Only four of us regulars were together. Clive, Paul, Sheila and me. I had prepared a homily to read to avoid going off piste, but didn't think to prepare intercessions, which I usually pray ad extempore. Though I remembered all the topics it's customary to pray for, when it came to praying for the Archbishop of Canterbury taking the Oath of Allegiance before the King in St Paul's Cathedral this morning, I couldn't recall her name.

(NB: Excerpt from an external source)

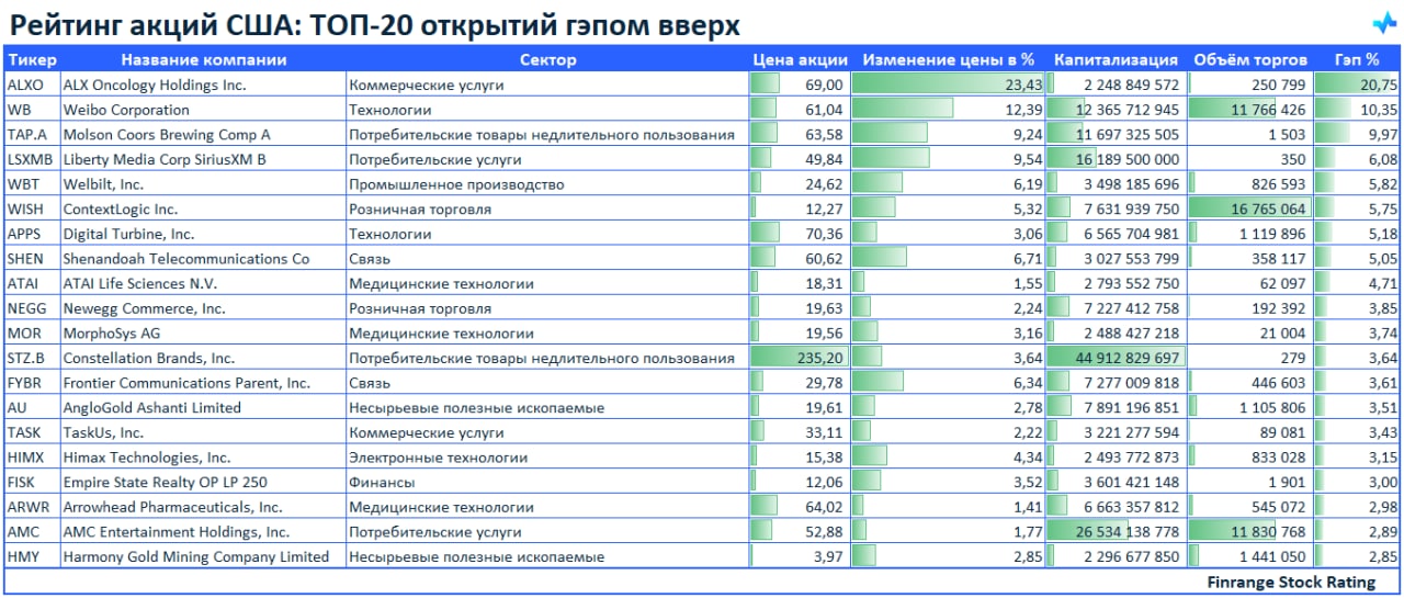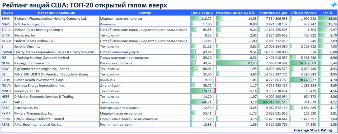 🚀Рейтинг акций: ТОП-20 открытий гэпом вверх🇺🇸

I wasn't aware of making any mistakes in conducting the service, and invoked the Trinity at the beginning and the final blessing in Welsh as other clergy do in the Parish team. Five months without standing at the altar in prayer could have triggered an emotional reaction, but it didn't. Neither joy nor relief, nor sadness at loss of commitment to a regular role in the prayer life of the Parish. But come to think of it, I'm still contributing Morning Prayer to the Parish WhatsApp thread weekly, as I did first thing today. Celebrating my return to the other side of the altar at this stage in my stroke recovery is nothing more than what it should be - meet, right, a bounden duty to give God thanks and praise.

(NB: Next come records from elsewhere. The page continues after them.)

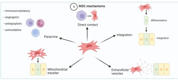 间充质干细胞还具有通过抑制T细胞活化和增殖、抑制树突状细胞成熟、减少B细胞活化和增殖、抑制NK细胞增殖和细胞毒性以及促进调节性T细胞生成来调节适应性和先天免疫系统的能力。间充质干细胞还具有在促炎和抗炎表型之间切换巨噬细胞的能力,这在一定程度上是由吞噬作用介导的。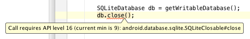 I'm getting the following error in Android studio. The sqlitedatabase.close() method is available since API Level 1 but the android studio ide fails to detect that.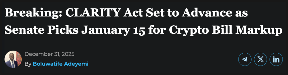 한편 미국 크립토 규제 논의, 그러니까 CLARITY 법안을 둘러싼 상원의 움직임이 1월 들어 급박해졌습니다.
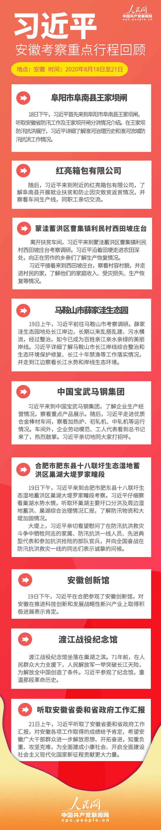 8月18日至21日,習(xí)近平來到安徽,看望慰問受災(zāi)群眾和防汛救災(zāi)一線人員,就統(tǒng)籌推進(jìn)常態(tài)化疫情防控和經(jīng)濟(jì)社會(huì)發(fā)展工作、加強(qiáng)防汛救災(zāi)和災(zāi)后恢復(fù)重建、推進(jìn)長三角一體化發(fā)展、謀劃“十四五”時(shí)期經(jīng)濟(jì)社會(huì)發(fā)展進(jìn)行調(diào)研。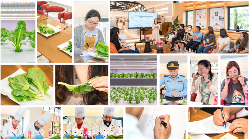 6月6日,15位大众评审对决赛团队种植的“翠恬”生菜进行试吃、打分,上海市长宁区市场监管工作人员进行了现场快检。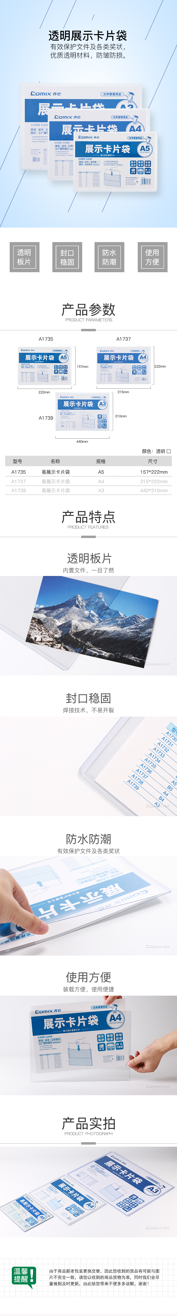 商品名称:齐心 A1737 易展示 卡片袋 A4 硬质

I was bending over to clear up a mess I made after supper and a nosebleed started, which scared me, given the catastrophic outcome of the one I had due to clot dispersal meds after the stroke. Fortunately the leak was small and didn't last long, perhaps because my blood pressure is not as persistently high as it was back then. It shows how careful I must continue to be when bending down or putting myself under pressure with long spells of head work, writing or editing. It's an ominous reminder of how vulnerable I am now.

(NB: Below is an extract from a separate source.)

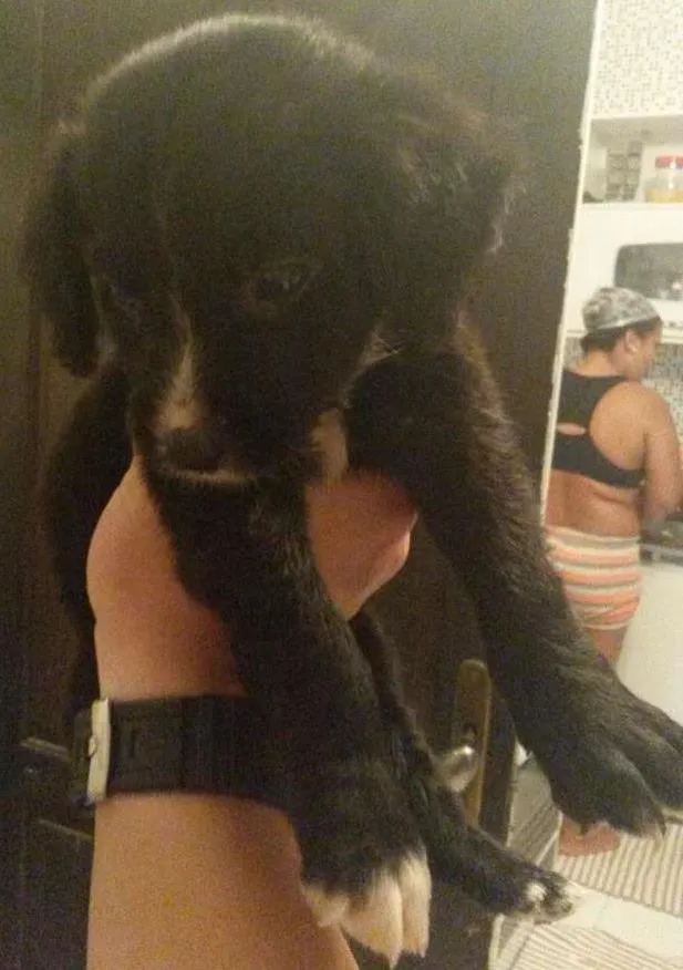 Estava correndo na costeririnha e.encontrei essa filhote abandonada na areia da praia sozinha faminta e sedenta peguei o filhote trouxe para casa mais não posso ficar com ele,moro no Rio e estou na casa de minha namorada aqui em angra agora a filhote está linda dei banho e comida gostaria de doar para não. Ficar na rua.

Rather than making the slideshow for next week's prayer video this evening, I went back to reading Gabriel Garcia Marquez's novel El Amor en los Tiempos de Colera for the first time since my stroke. It's a relief to find that I've retained much of the Spanish I learned, and can read and still make sense of the text. I was using Google's dictionary app for words I didn't know back then. Some are from Latin American vocabulary as opposed to Castilian Spanish. I certainly have memory lapses, but if I take time to recall the words, especially names do return eventually. Sometimes it takes weeks. Yesterday I was wondering if one of my Swiss chaplaincy in Lausanne colleagues was still alive. Palestinian American, a decorated Vietnam War military chaplain. I couldn't get beyond his first name Samir last night, but his surname popped into my mind this morning. Samir Habiby is still alive, aged ninety. He told me once that he rescued an injured colleague, was awarded a Purple Heart, and charged with disobeying orders to hunker down during a firefight. What a larger than life character! We last met in Jerusalem when I was on terminal leave from Geneva in 2000, just after his retirement. It's strange being able to remember so much about him, and then taking half a day to remember his name.
Celebrating the Eucharist this morning was a significant occasion in stroke recovery. Not because I didn't make a mess of it, or needed help to get through after falling apart emotionally, but fulfilment in offering the sacrifice of praise and thanksgiving for God's healing grace and the fellowship of the Body of Christ in sustaining me and teaching me during this critical period of my life.